In cybersecurity we often use the strings
binary to extract any plaintext string data in a memory dump. I'm trying to do the equivalent in Python.
from struct import unpack
find_str = "King"
strings = []
for stream in data.streams:
if type(stream.data) == bytes:
# Not a particular readable solution, but orders of magnitude faster than
# alternatives: https://stackoverflow.com/a/57543519/9400421
unpacked = list(unpack(f'{len(stream.data)}c', stream.data))
string = ''
null = b'\x00'
for byte in unpacked:
try:
# ultimately need to track multiple strings arrays for each
# popular encoding scheme to catch diverse string encodings.

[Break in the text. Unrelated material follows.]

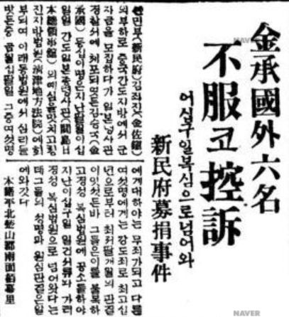 1930년 ‘신민부 김좌진의 부하’ 김성진(이명 김승국) 등 6명은 만주 지방에서 군자금을 모금하다가 강도죄로 기소, 1심에서 최고 10년형을 받았다. 사진은 원고들이 판결에 불복해 항소했다는 관련 조선일보 보도. 네이버 뉴스 라이브러리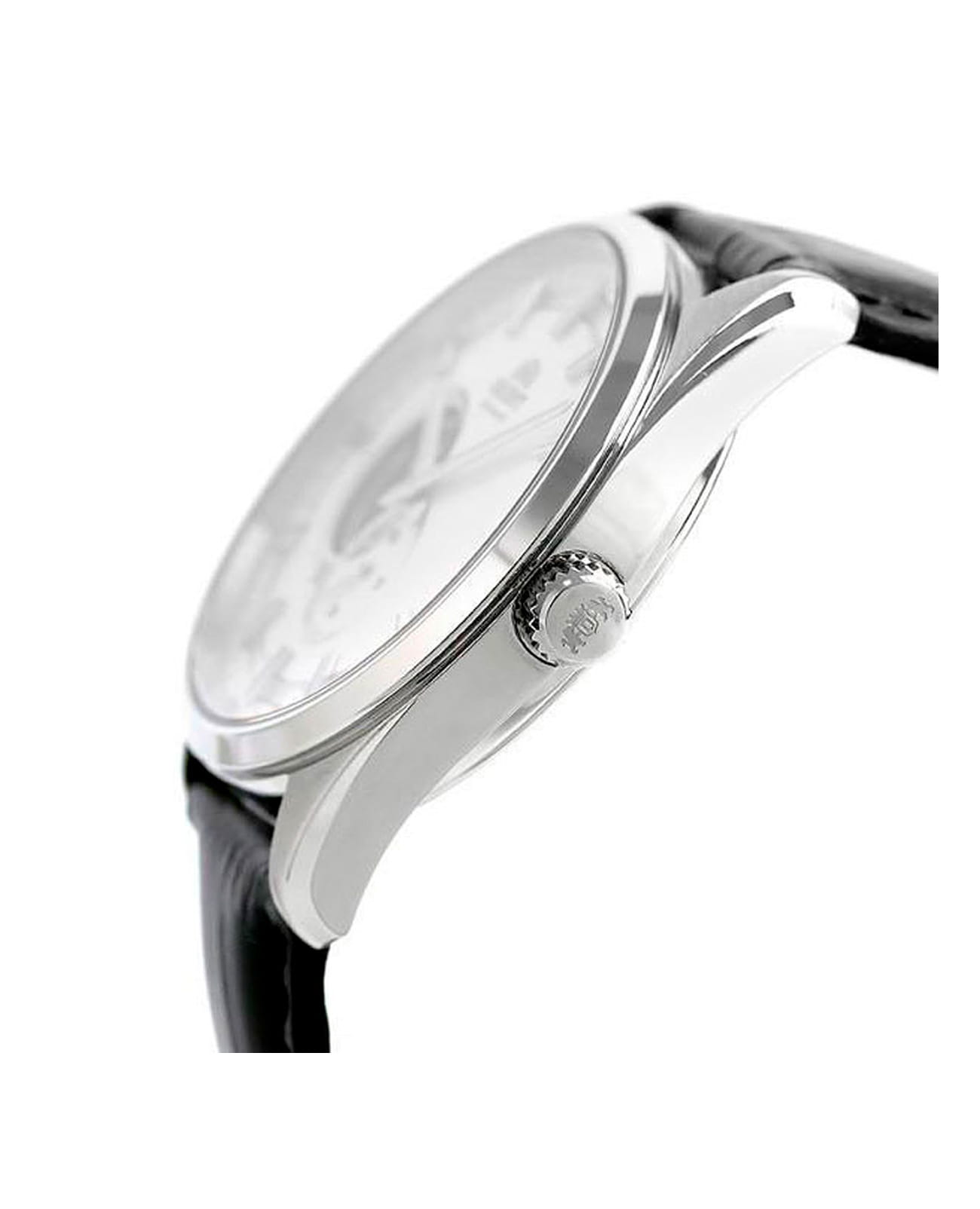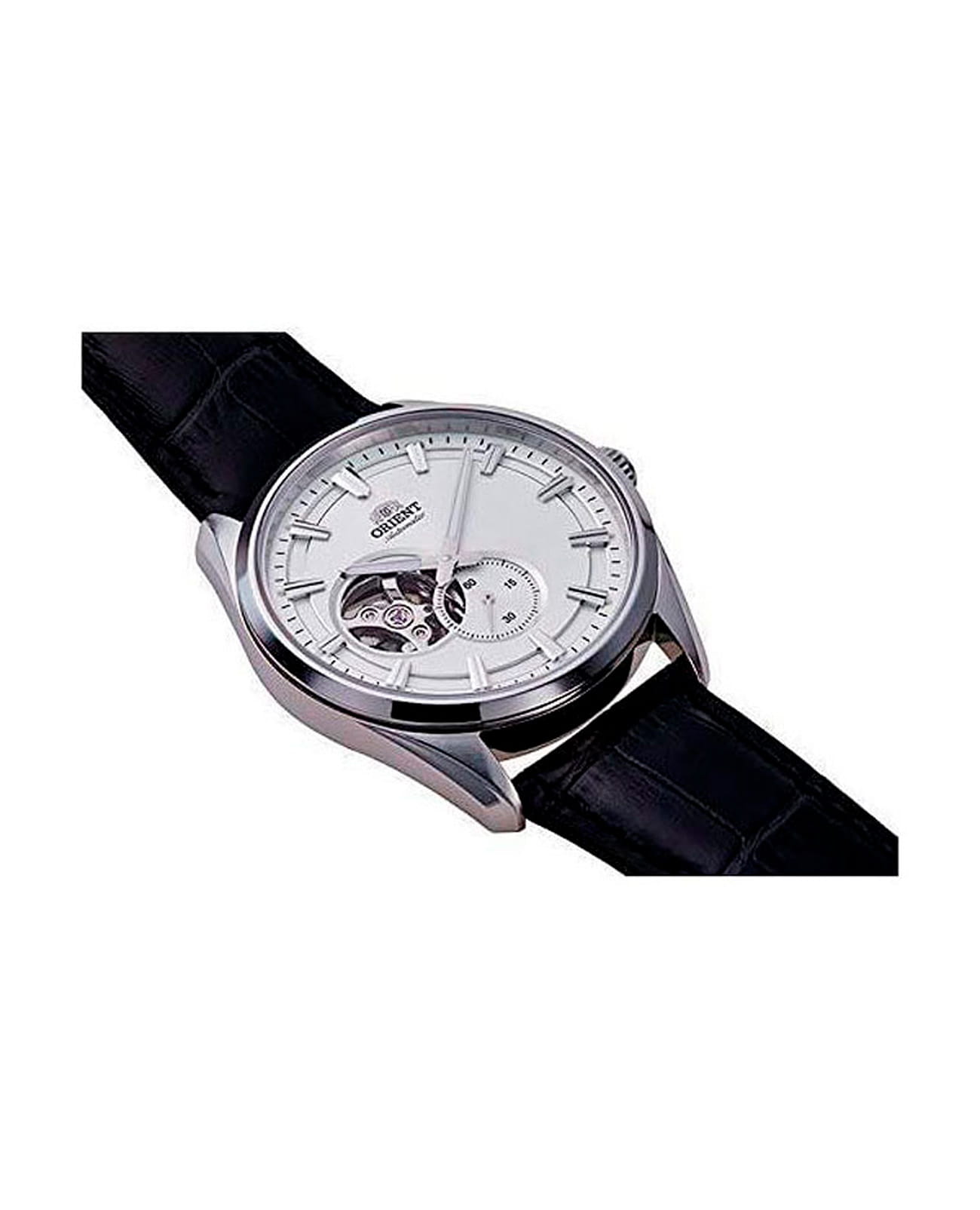 Часы Orient RA-AR0003S представляют собой стильную модель из коллекции Contemporary, сочетающую в себе классический дизайн и современные технологии. Это мужские механические часы с автоподзаводом, оснащённые калибром F6T22, который обеспечивает точность хода в пределах +25/-15 секунд в сутки и запас хода до 40 часов. Часы также поддерживают функцию ручного подзавода и остановки секундной стрелки (hacking stop), что позволяет точно синхронизировать время. Корпус часов выполнен из нержавеющей стали и имеет диаметр 40,8 мм при толщине 10,9 мм. Водонепроницаемость модели составляет 50 метров, что защищает часы от случайных брызг или капель дождя, но не предназначено для плавания или дайвинга. Часы оснащены сапфировым стекломСапфировое стеклоПрочный и надёжный материал из кристалла сапфира синтетического происхождения, характеризующийся особой твёрдостью и устойчивостью к царапинам и повреждениям., устойчивым к царапинам, и винтовой задней крышкой с прозрачным окном, позволяющим наблюдать за работой механизма. Циферблат выполнен в белом цвете с полускелетонным дизайном, который открывает вид на механизм в области 9 часов. На циферблате расположены светящиеся стрелки с люминесцентным покрытиемЛюминесцентное покрытиеПозволяет считывать показания времени в темноте. Производители наносят на стрелки, часовые индексы, безель или поверхность циферблата светонакопительный состав, дающий холодное свечение., обеспечивающие хорошую видимость в темноте. Также предусмотрено окно малой секундной стрелки на позиции 6 часов, что добавляет часам уникальный и стильный вид. Браслет часов изготовлен из чёрной кожи, что придаёт часам классический и элегантный вид. Застёжка выполнена в виде стандартной конструкции.

decoded = byte.decode('ASCII')
print(byte, '=>', decoded)
if byte == null:
print(byte, '=>', 'null')
if string != '':
strings.append(string)
string = ''
else:
string += decoded
except:
print("couldn't decode:", byte)
if string != '':
strings.append(string)
string = ''
print(strings)
output: ... , '*', '\x7f', '\x10', '\x10', '\x04', '\x01', '\x12+', '\x7f', '*', '\x7f', '@', '\x10', '\x02', '\x01', '\x10\x13+', '\x7f', '\x0c', '\x01',
...
My problem is this outputs a lot of decoded values which are obviously not normal characters - they're decoded to hex strings.
My first question is: Why are these hex strings not decoding to normal characters, but not triggering my catch
statement? I thought anything not "cleanly" decoded as characters by the decoding method used would be filtered out by my code.
My second question is: How can I discard the "trash" characters / filter them from "cleanly" decoded characters?